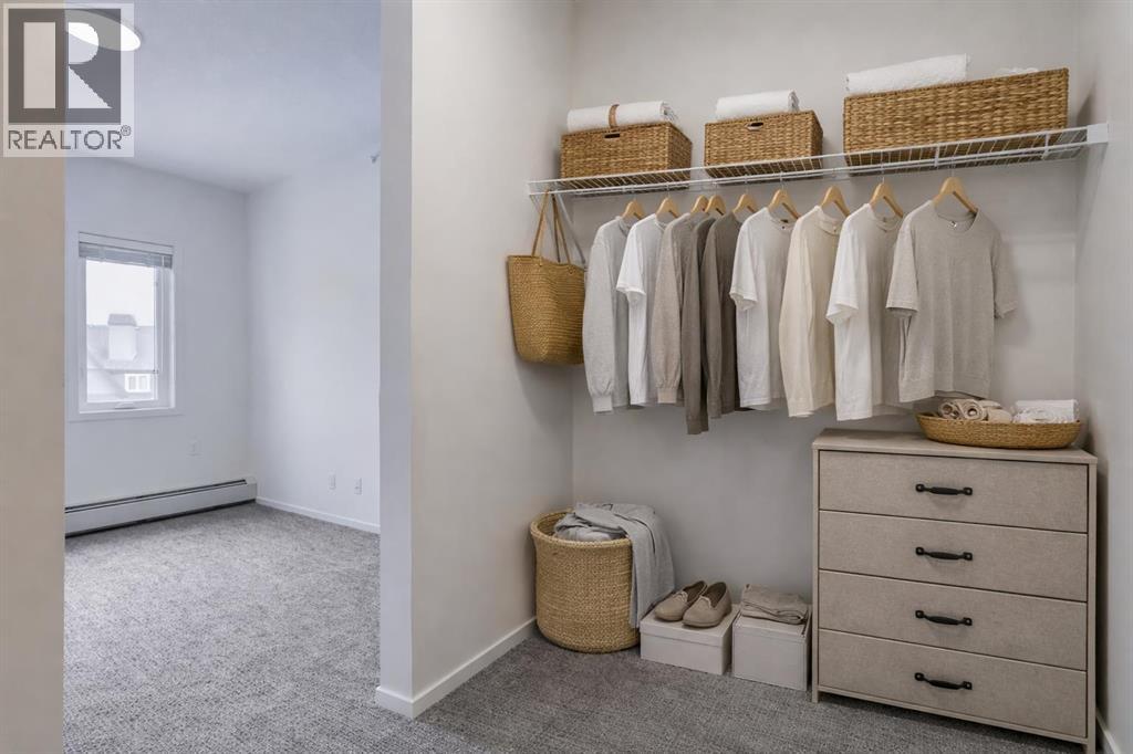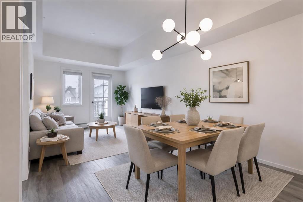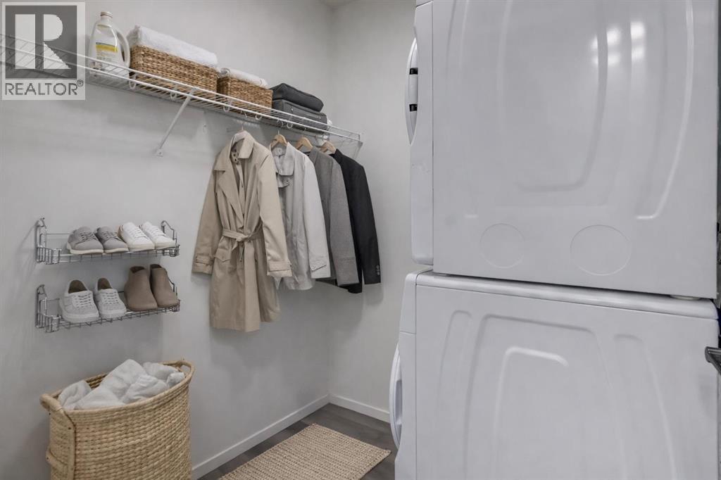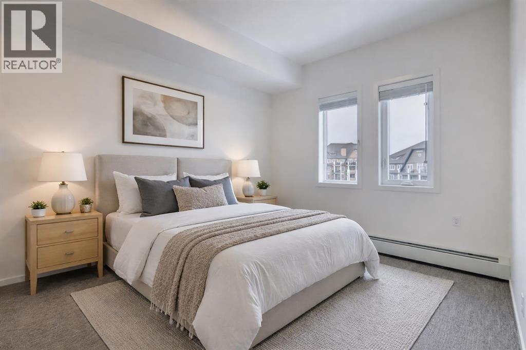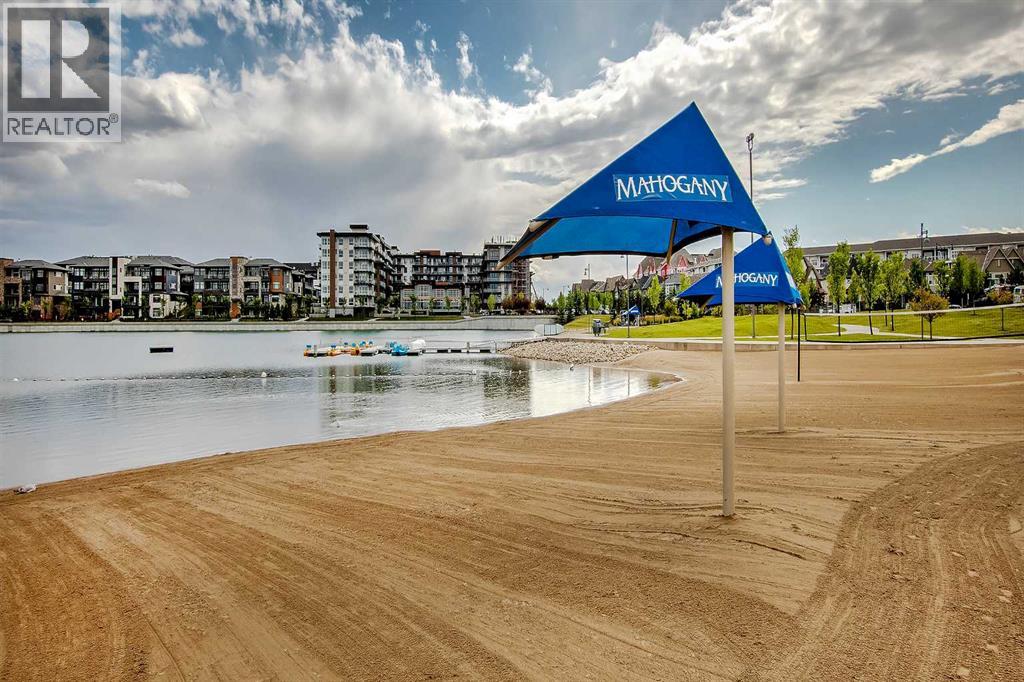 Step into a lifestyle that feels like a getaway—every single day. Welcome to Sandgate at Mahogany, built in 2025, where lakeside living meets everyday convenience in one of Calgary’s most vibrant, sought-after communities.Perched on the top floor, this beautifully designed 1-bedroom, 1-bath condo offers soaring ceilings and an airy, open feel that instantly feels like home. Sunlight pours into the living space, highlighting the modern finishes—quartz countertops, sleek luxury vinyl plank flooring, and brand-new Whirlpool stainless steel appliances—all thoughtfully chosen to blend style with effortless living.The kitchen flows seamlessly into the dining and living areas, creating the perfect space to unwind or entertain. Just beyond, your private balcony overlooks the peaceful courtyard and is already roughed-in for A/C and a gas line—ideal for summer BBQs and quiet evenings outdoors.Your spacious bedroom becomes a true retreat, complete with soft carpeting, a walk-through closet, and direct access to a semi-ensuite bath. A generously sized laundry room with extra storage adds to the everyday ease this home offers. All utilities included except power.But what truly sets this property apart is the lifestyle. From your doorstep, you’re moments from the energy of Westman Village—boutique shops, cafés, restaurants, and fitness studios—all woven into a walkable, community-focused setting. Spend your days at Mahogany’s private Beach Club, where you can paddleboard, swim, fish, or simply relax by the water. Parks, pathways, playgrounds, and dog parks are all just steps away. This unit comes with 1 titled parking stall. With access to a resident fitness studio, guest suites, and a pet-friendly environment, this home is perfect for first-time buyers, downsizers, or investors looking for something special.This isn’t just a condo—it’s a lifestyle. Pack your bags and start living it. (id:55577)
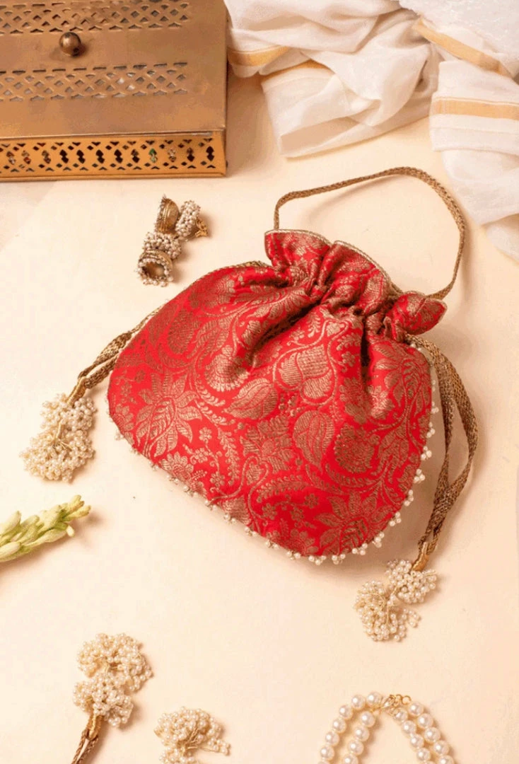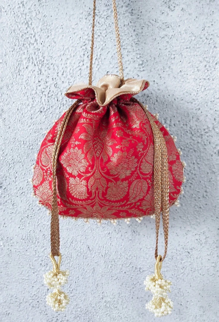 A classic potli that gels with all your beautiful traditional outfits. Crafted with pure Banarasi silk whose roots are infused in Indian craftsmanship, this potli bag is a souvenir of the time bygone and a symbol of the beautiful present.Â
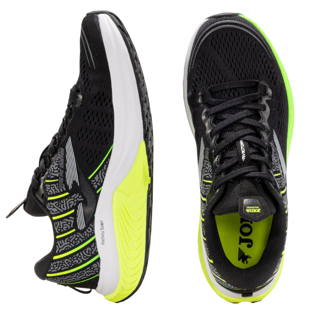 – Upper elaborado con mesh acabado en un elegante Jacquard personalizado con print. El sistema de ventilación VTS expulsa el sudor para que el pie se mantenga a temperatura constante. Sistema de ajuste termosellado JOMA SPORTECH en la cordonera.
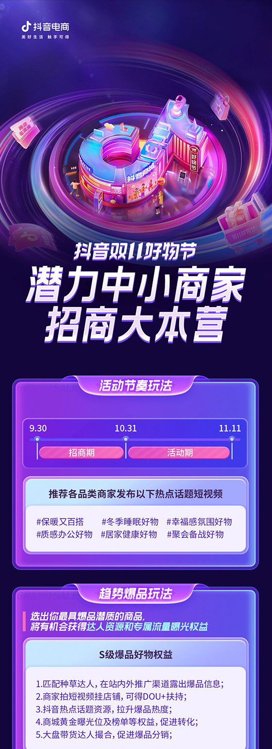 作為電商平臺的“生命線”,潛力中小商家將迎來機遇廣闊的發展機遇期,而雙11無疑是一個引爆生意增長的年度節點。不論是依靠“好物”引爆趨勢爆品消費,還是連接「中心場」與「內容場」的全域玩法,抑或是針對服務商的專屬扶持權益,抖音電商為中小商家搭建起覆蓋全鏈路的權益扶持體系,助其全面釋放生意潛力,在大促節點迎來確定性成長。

--

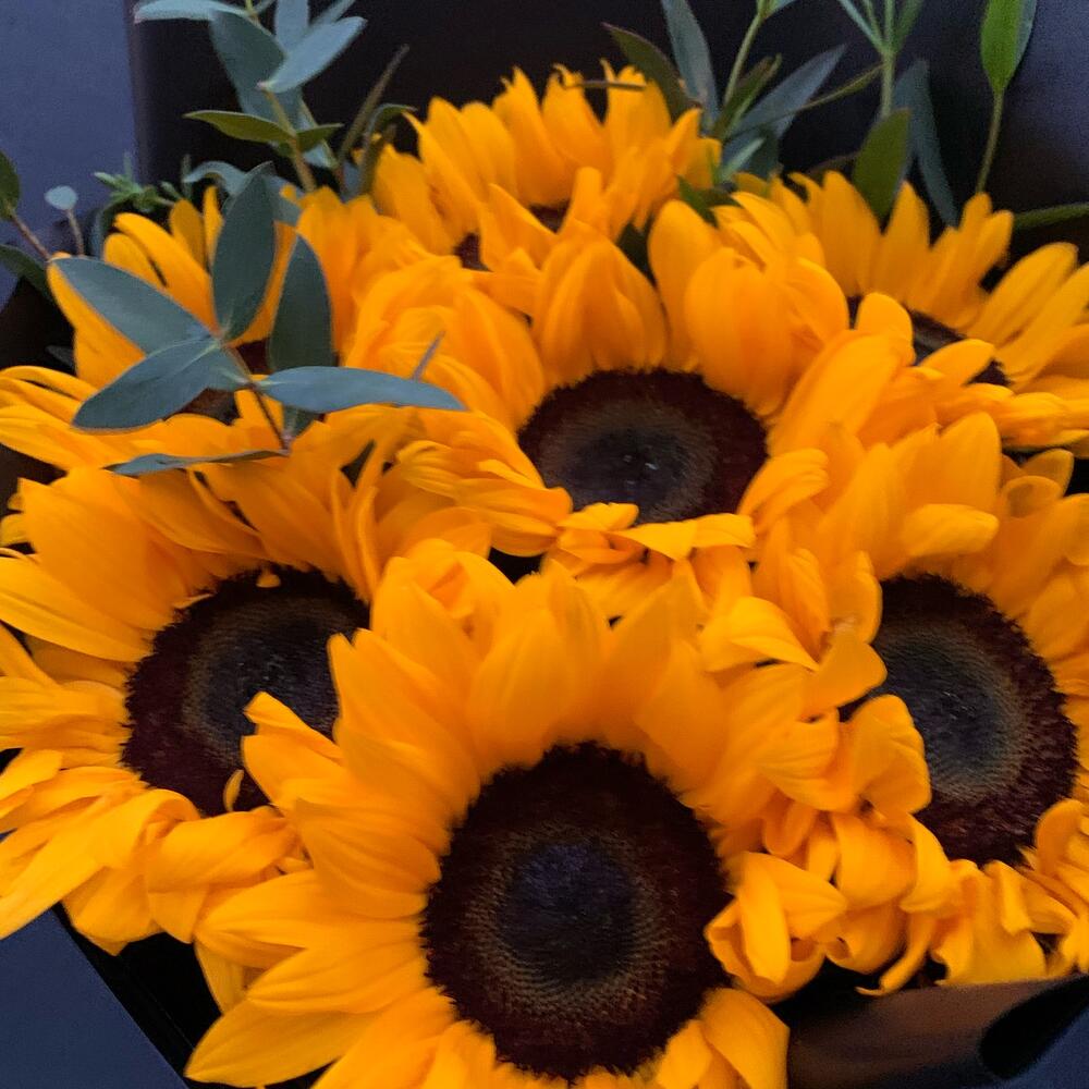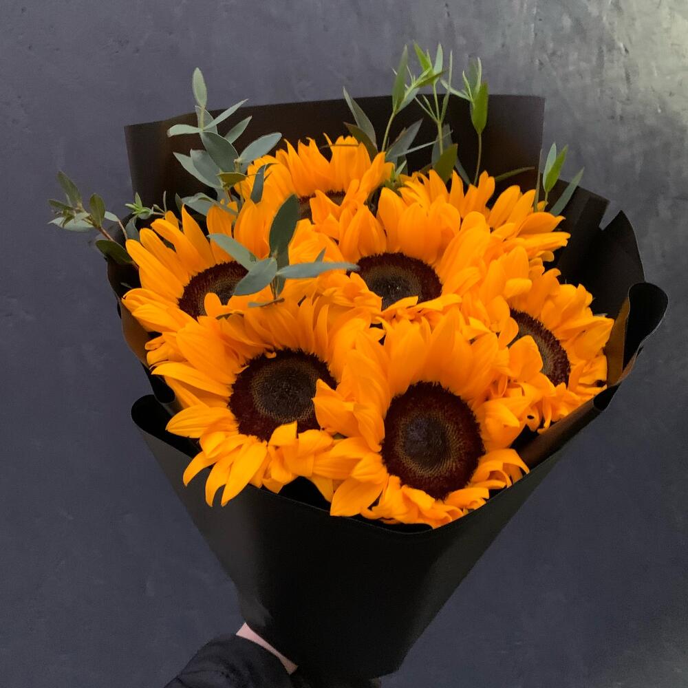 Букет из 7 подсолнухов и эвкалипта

## WORK REQUEST
Go to the line above that contains "Step into a" and reproduce everything exactly from there through the line that contains "A classic potli", leaving out the pictures.

## SOLUTION TO THE PROBLEM
 Step into a lifestyle that feels like a getaway—every single day. Welcome to Sandgate at Mahogany, built in 2025, where lakeside living meets everyday convenience in one of Calgary’s most vibrant, sought-after communities.Perched on the top floor, this beautifully designed 1-bedroom, 1-bath condo offers soaring ceilings and an airy, open feel that instantly feels like home. Sunlight pours into the living space, highlighting the modern finishes—quartz countertops, sleek luxury vinyl plank flooring, and brand-new Whirlpool stainless steel appliances—all thoughtfully chosen to blend style with effortless living.The kitchen flows seamlessly into the dining and living areas, creating the perfect space to unwind or entertain. Just beyond, your private balcony overlooks the peaceful courtyard and is already roughed-in for A/C and a gas line—ideal for summer BBQs and quiet evenings outdoors.Your spacious bedroom becomes a true retreat, complete with soft carpeting, a walk-through closet, and direct access to a semi-ensuite bath. A generously sized laundry room with extra storage adds to the everyday ease this home offers. All utilities included except power.But what truly sets this property apart is the lifestyle. From your doorstep, you’re moments from the energy of Westman Village—boutique shops, cafés, restaurants, and fitness studios—all woven into a walkable, community-focused setting. Spend your days at Mahogany’s private Beach Club, where you can paddleboard, swim, fish, or simply relax by the water. Parks, pathways, playgrounds, and dog parks are all just steps away. This unit comes with 1 titled parking stall. With access to a resident fitness studio, guest suites, and a pet-friendly environment, this home is perfect for first-time buyers, downsizers, or investors looking for something special.This isn’t just a condo—it’s a lifestyle. Pack your bags and start living it. (id:55577)
 A classic potli that gels with all your beautiful traditional outfits. Crafted with pure Banarasi silk whose roots are infused in Indian craftsmanship, this potli bag is a souvenir of the time bygone and a symbol of the beautiful present.Â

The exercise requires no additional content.